This would tend to slow the process down if
rpiece were to wait for
this I/O to complete before starting on the next piece, so
rpiece forks
separate processes to hang around waiting for I/O completion. The number of
processes thus designated is set by the MAXFORK macro in the program (compiled
in the src/util directory). If the fork call is slow on a system, it may
actually be better to set MAXFORK to zero. In other cases, the network lock
manager may be so slow that this value should be increased to get the best
utilization.
The output picture is not run-length encoded, and can be quite large. The
approximate size (in kilobytes) can be computed by the simple formula:
-
- filesize = xres*yres/256
Make sure that there is enough space on the filesystem to hold the entire
picture before beginning. Once the picture is finished, the
ra_rgbe(1)
program with the -r option may be used to convert to a run-length encoded
picture for more efficient storage, although
pfilt(1) or any of the
other Radiance picture filters will do the same thing.

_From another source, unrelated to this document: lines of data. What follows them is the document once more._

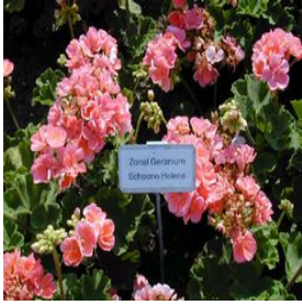
Pelargonium x hortorum Classic Salmon Height: 10-12 in Spread: 12-16 in Zone: 10-11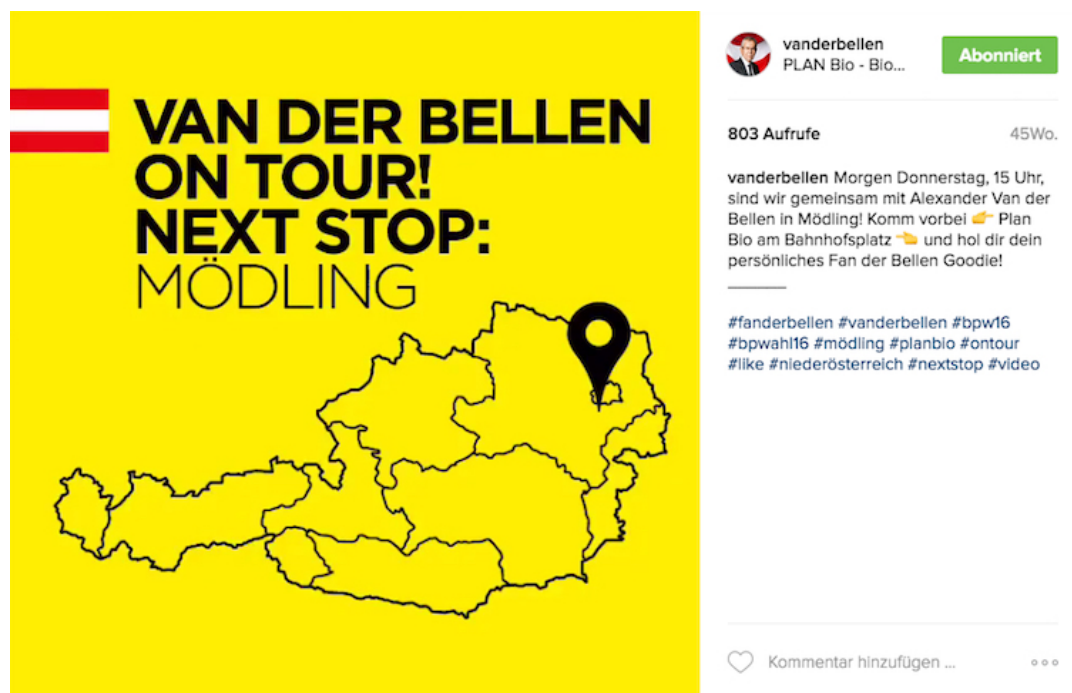
Figure 1. Van der Bellen on tour, posted on 6 April 2016.

The image type media work (n = 79) comprises visual imagery that shows the candidate during interviews or press conferences, or at events organized by media representatives (e.g., panel discussions). Among these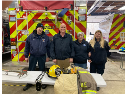
Having been a volunteer firefighter since I was a teenager, I have personally seen the number of volunteers dwindle in recent years. So I was more than happy to visit each of the four departments in the 10th District during RecruitNY, a statewide effort to get more people involved. I'm pictured above at Manlius and Kirkville. Please consider giving some of your time. Just contact your department to get started.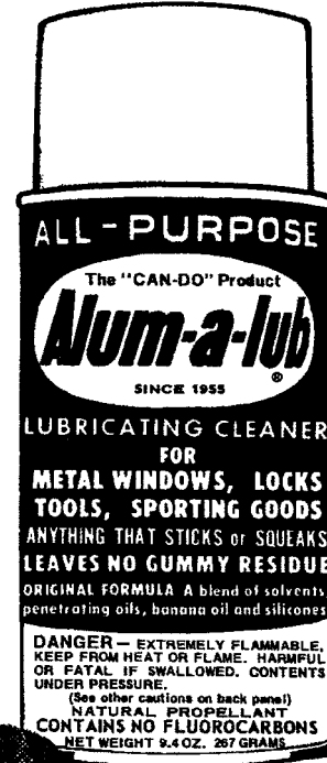
CHM 50 ALUM-A-LUB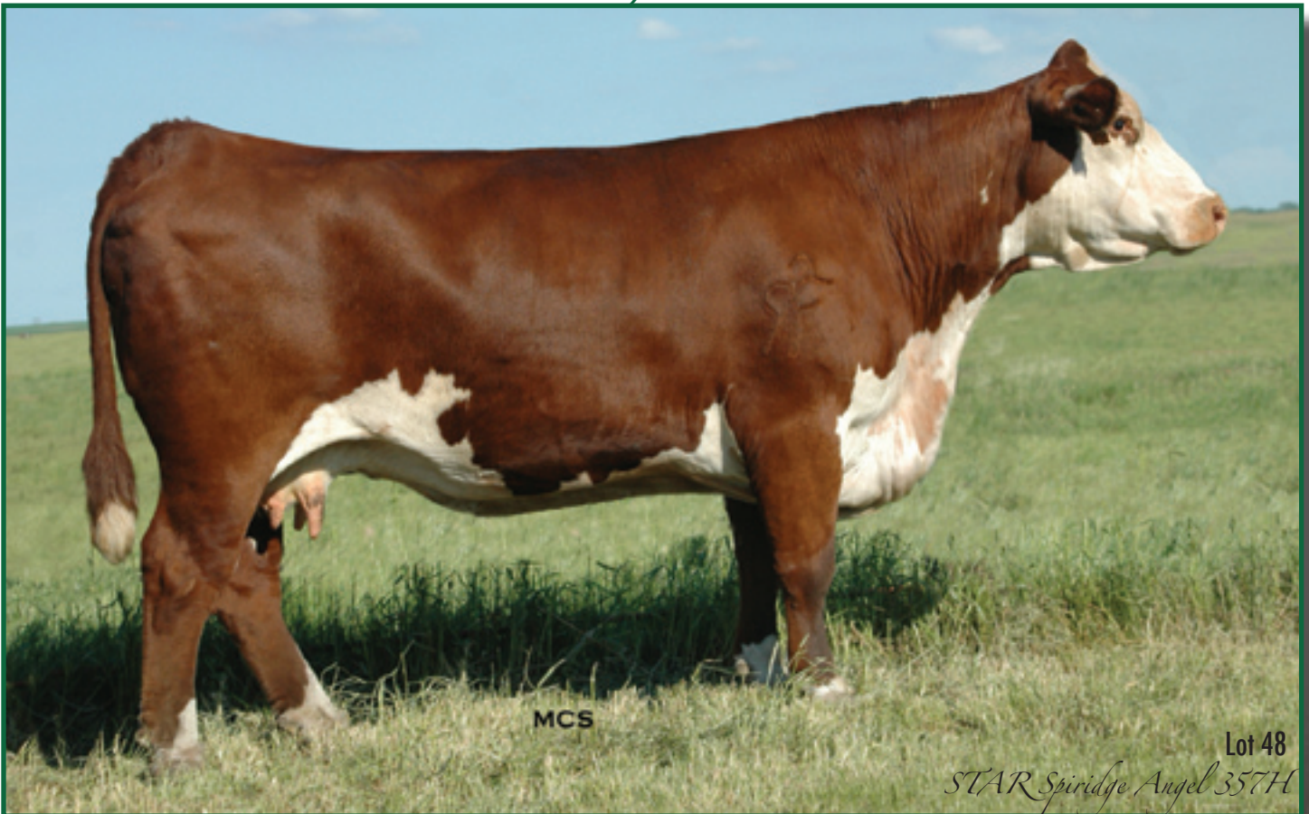
STAR Spiridge Angel 357H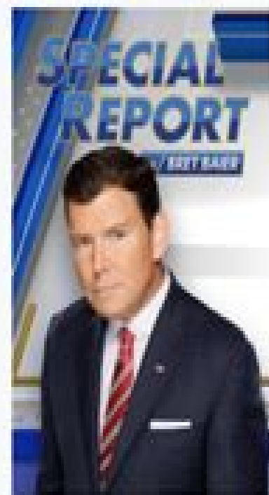
Special Report with Bret Baier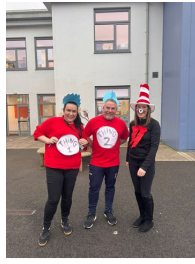
Dr. Seuss Characters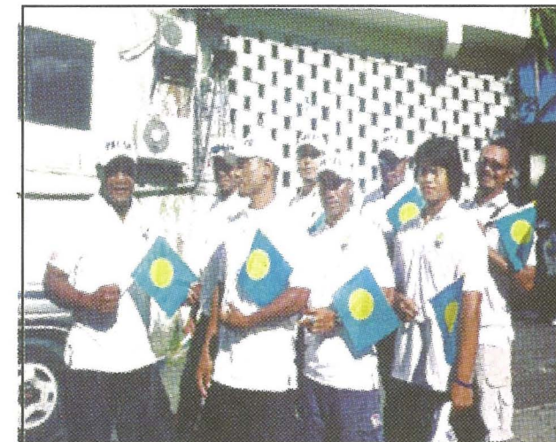
Men canoe team proudly displaying their Palau flag.

As of Thursday June 29th, Team Palau places third based on the total of gold medals won. Overall, they have won 17 gold, 14 silver and 16 bronze which gives them a total of 47 medals. CNMI leads overall medal tally with a combined total of 81 medals, comprised of 26 gold, 29 silver and 26 bronze medals. Guam, on the other hand, has 40 gold, 24 silver and 15 bronze for a total of 79 medals. These three nations make up the top three medal winners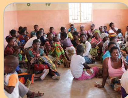
Women and infants in Kauma

http://www.stjohninternational.org/saving-the-lives-of-mothers-and-babies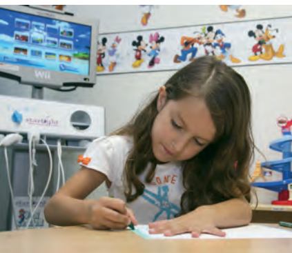
A young visitor enjoys the new Jules Stein Play Room located on the surgical floor of the Institute.

The ALRM signal may be used to gracefully terminate an
rpiece process
after it finishes the current piece. This permits other currently running or
subsequently started
rpiece process(es) to continue rendering the
picture without loss. The
-T option will send the ALRM signal to
rpiece after the specified number of (decimal) hours. This is the best
way to force a time limit on the computation, since information will not be
lost, though the process may continue for some time afterwards to finish its
current piece.
BUGS¶
This program may not work on some systems whose NFS lock manager is unreliable.
In particular, some System V derivative UNIX systems often have problems with
the network lock manager. If the output is scrambled or rpict aborts with some
ambient file related problem, you should just remove the ambient file and go
back to normal rendering.
AUTHOR¶
Greg Ward
SEE ALSO¶
getinfo(1),
pfilt(1),
ra_rgbe(1),
rpict(1),
ximage(1)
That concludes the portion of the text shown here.